### YOUR OBJECTIVE
Transcribe exactly the stretch of lines beginning at the one containing "Нож канцелярский средний, лезвие" and closing with the last line of the entries below. Omit images.

====================

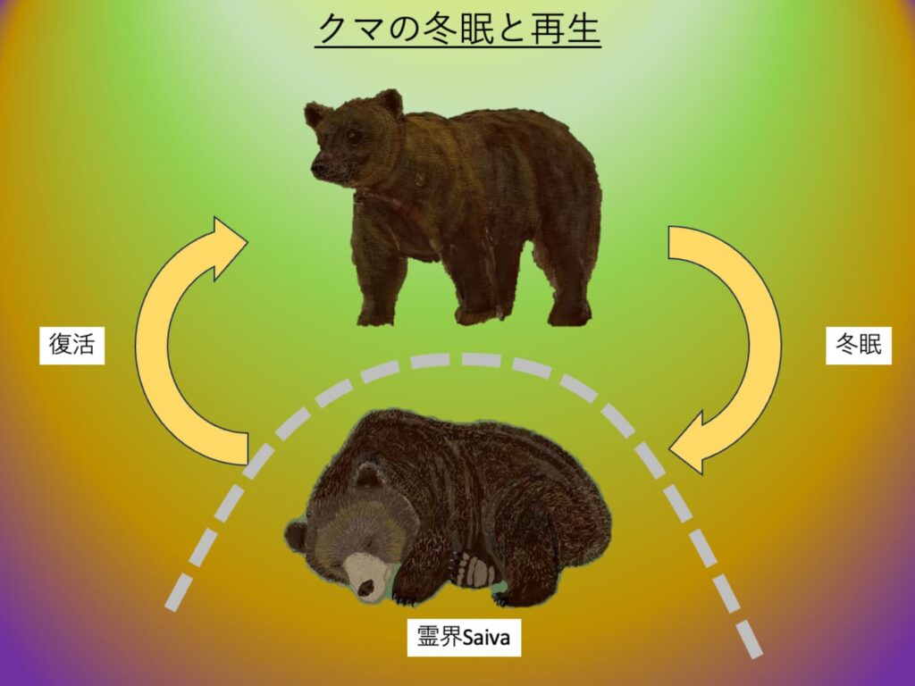 クマは、冬になると、穴に籠って冬眠し、春になると再び地上に現れます。このサイクルは、sáiva(霊界 ≒ 地下世界)からの再生や転生と結びつけられました。
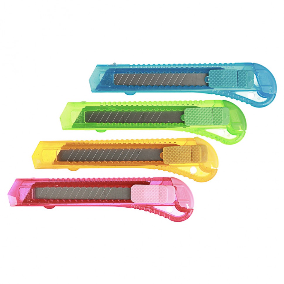 Нож канцелярский средний, лезвие до 18мм, 15,5x3см, ассорти 4 цвета, в пакете (12)
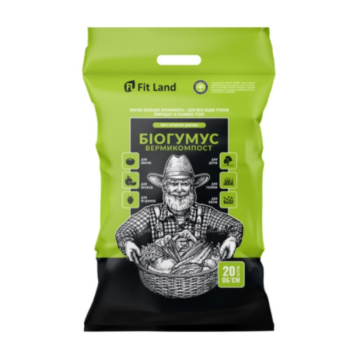Зовні це чорна або темно-коричнева речовина з гранульованою структурою, пахне свіжою землею. Економічна упаковка Fit Land 20 л дозволяє заощадити, купуючи стільки біогумусу, скільки потрібно.
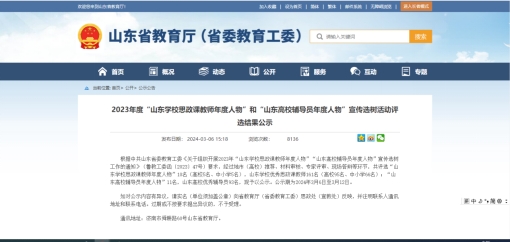 山东省“高校优秀辅导员”评选是由中共山东省委教育工委主办,经学校推荐、材料审核、专家评审等环节评选产生,旨在充分发挥榜样示范作用,进一步引领广大高校辅导员坚持用习近平新时代中国特色社会主义思想铸魂育人,潜心育人、扎实工作、开拓创新,为培养德智体美劳全面发展的社会主义建设者和接班人贡献力量,共评选“山东高校辅导员年度人物”11名,山东高校优秀辅导员93名。
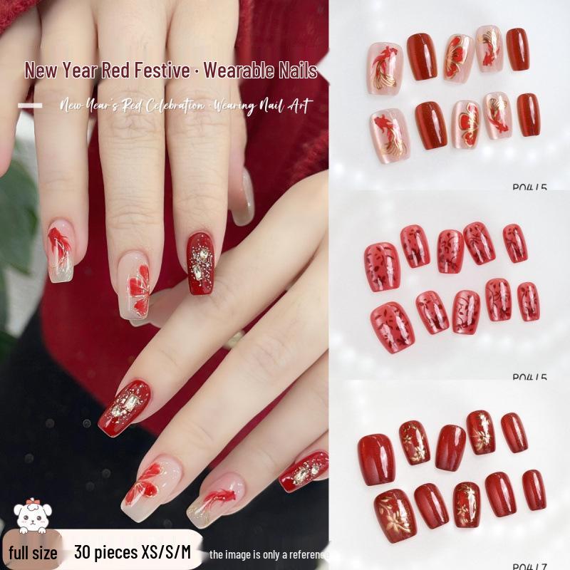 Festive Koi Lucky Red Cat Eye Wearable Nails - 30-Piece Set for New Year & Spring Celebrations
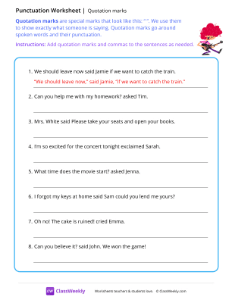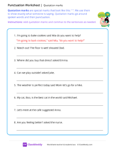 We use quotation marks to show what someone is saying. Quotation marks go around spoken words and their punctuation. Worksheet instructions: Add quotation marks and commas to the sentences as needed.
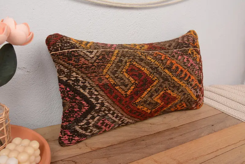 Rot & Orange besticktes Wurfkissen, 12x24 handgemachtes Kissen
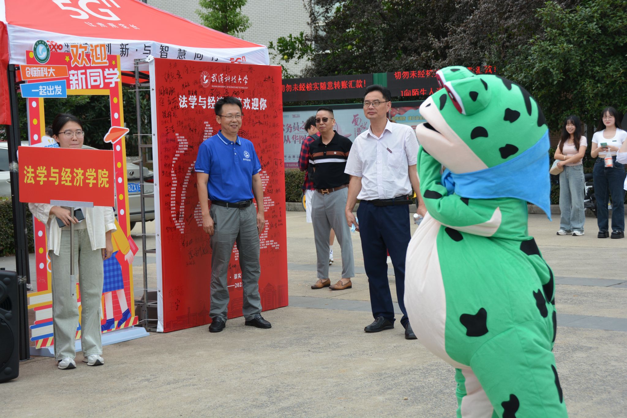 武科大网讯(通讯员李佳芮)欢快鼓舞的舞蹈音乐、辅导员亲切的问候、密密麻麻写满祝福和希望的信纸……9月13日,我院2023级新生顺利迎来到校报到的日子。我院以盲盒文创为特色的迎新活动受到了新生的热烈欢迎,同时有引人注目的网红青蛙现场起舞,迎接新生的到来。

====================

### EXERCISE ANSWER
 Нож канцелярский средний, лезвие до 18мм, 15,5x3см, ассорти 4 цвета, в пакете (12)
Зовні це чорна або темно-коричнева речовина з гранульованою структурою, пахне свіжою землею. Економічна упаковка Fit Land 20 л дозволяє заощадити, купуючи стільки біогумусу, скільки потрібно.
 山东省“高校优秀辅导员”评选是由中共山东省委教育工委主办,经学校推荐、材料审核、专家评审等环节评选产生,旨在充分发挥榜样示范作用,进一步引领广大高校辅导员坚持用习近平新时代中国特色社会主义思想铸魂育人,潜心育人、扎实工作、开拓创新,为培养德智体美劳全面发展的社会主义建设者和接班人贡献力量,共评选“山东高校辅导员年度人物”11名,山东高校优秀辅导员93名。
 Festive Koi Lucky Red Cat Eye Wearable Nails - 30-Piece Set for New Year & Spring Celebrations
 We use quotation marks to show what someone is saying. Quotation marks go around spoken words and their punctuation. Worksheet instructions: Add quotation marks and commas to the sentences as needed.
 Rot & Orange besticktes Wurfkissen, 12x24 handgemachtes Kissen
 武科大网讯(通讯员李佳芮)欢快鼓舞的舞蹈音乐、辅导员亲切的问候、密密麻麻写满祝福和希望的信纸……9月13日,我院2023级新生顺利迎来到校报到的日子。我院以盲盒文创为特色的迎新活动受到了新生的热烈欢迎,同时有引人注目的网红青蛙现场起舞,迎接新生的到来。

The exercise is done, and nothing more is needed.